What needs to be done
Of the entries below, return only those lines from the line with "Calvin Klein Jeans" to the line with "Бажуково, Россия. Светлая", exactly, both included.

Excerpted records

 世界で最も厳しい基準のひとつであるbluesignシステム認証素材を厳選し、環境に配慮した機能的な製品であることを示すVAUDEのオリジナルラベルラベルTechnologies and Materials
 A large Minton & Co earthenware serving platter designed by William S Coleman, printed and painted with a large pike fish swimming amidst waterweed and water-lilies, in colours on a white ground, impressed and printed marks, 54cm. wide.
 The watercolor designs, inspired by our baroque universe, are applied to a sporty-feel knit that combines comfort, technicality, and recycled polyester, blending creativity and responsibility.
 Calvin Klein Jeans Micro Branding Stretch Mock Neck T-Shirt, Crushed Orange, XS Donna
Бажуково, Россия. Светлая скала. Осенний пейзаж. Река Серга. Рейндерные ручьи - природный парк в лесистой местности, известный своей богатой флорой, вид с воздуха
--
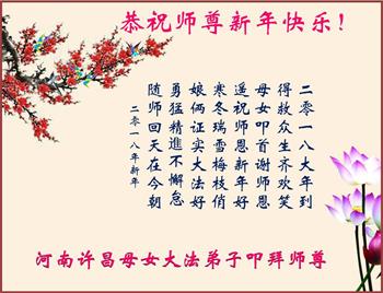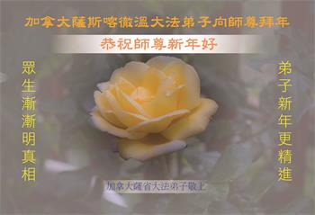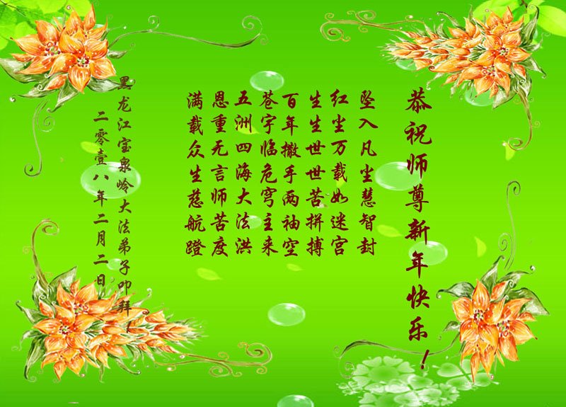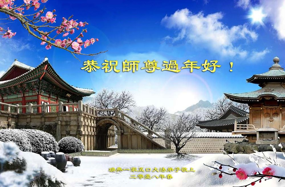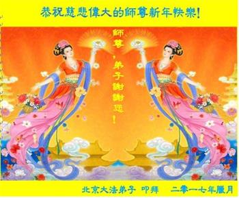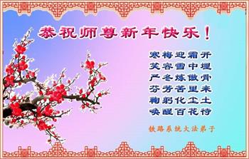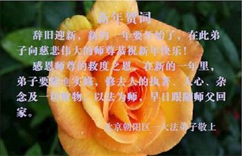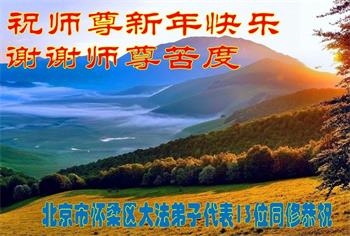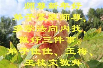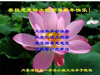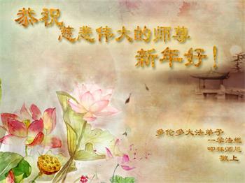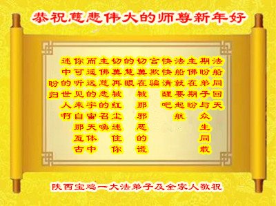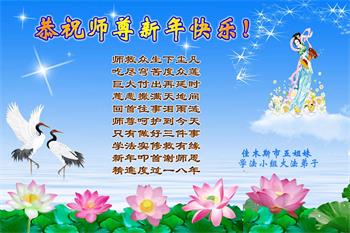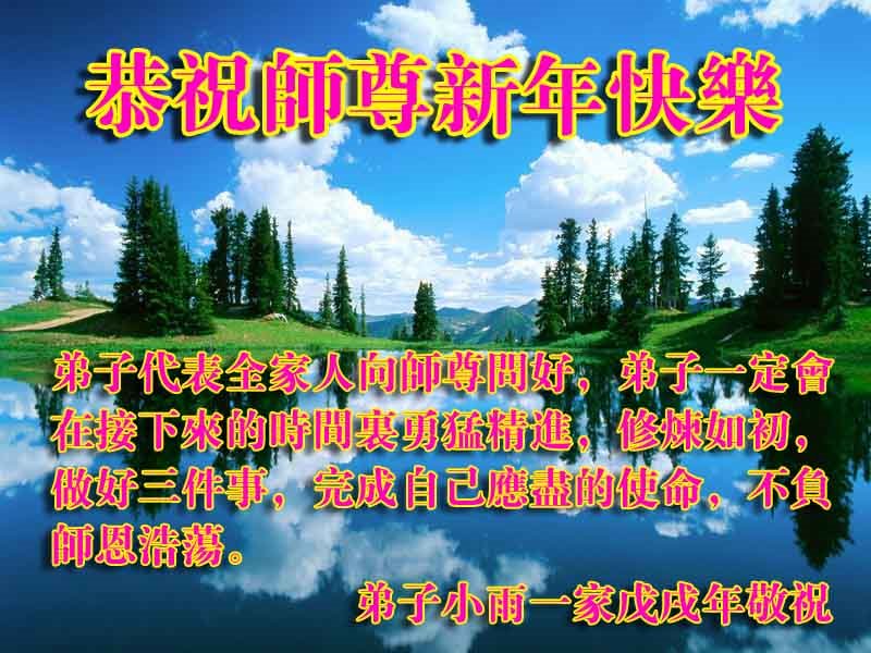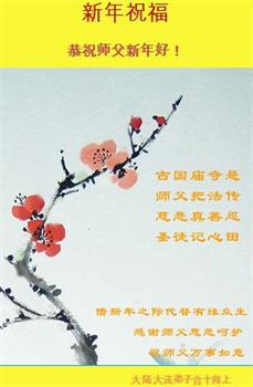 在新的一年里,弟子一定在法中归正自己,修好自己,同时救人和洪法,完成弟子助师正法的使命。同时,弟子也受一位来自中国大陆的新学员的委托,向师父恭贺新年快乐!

Answer space
 Calvin Klein Jeans Micro Branding Stretch Mock Neck T-Shirt, Crushed Orange, XS Donna
Бажуково, Россия. Светлая скала. Осенний пейзаж. Река Серга. Рейндерные ручьи - природный парк в лесистой местности, известный своей богатой флорой, вид с воздуха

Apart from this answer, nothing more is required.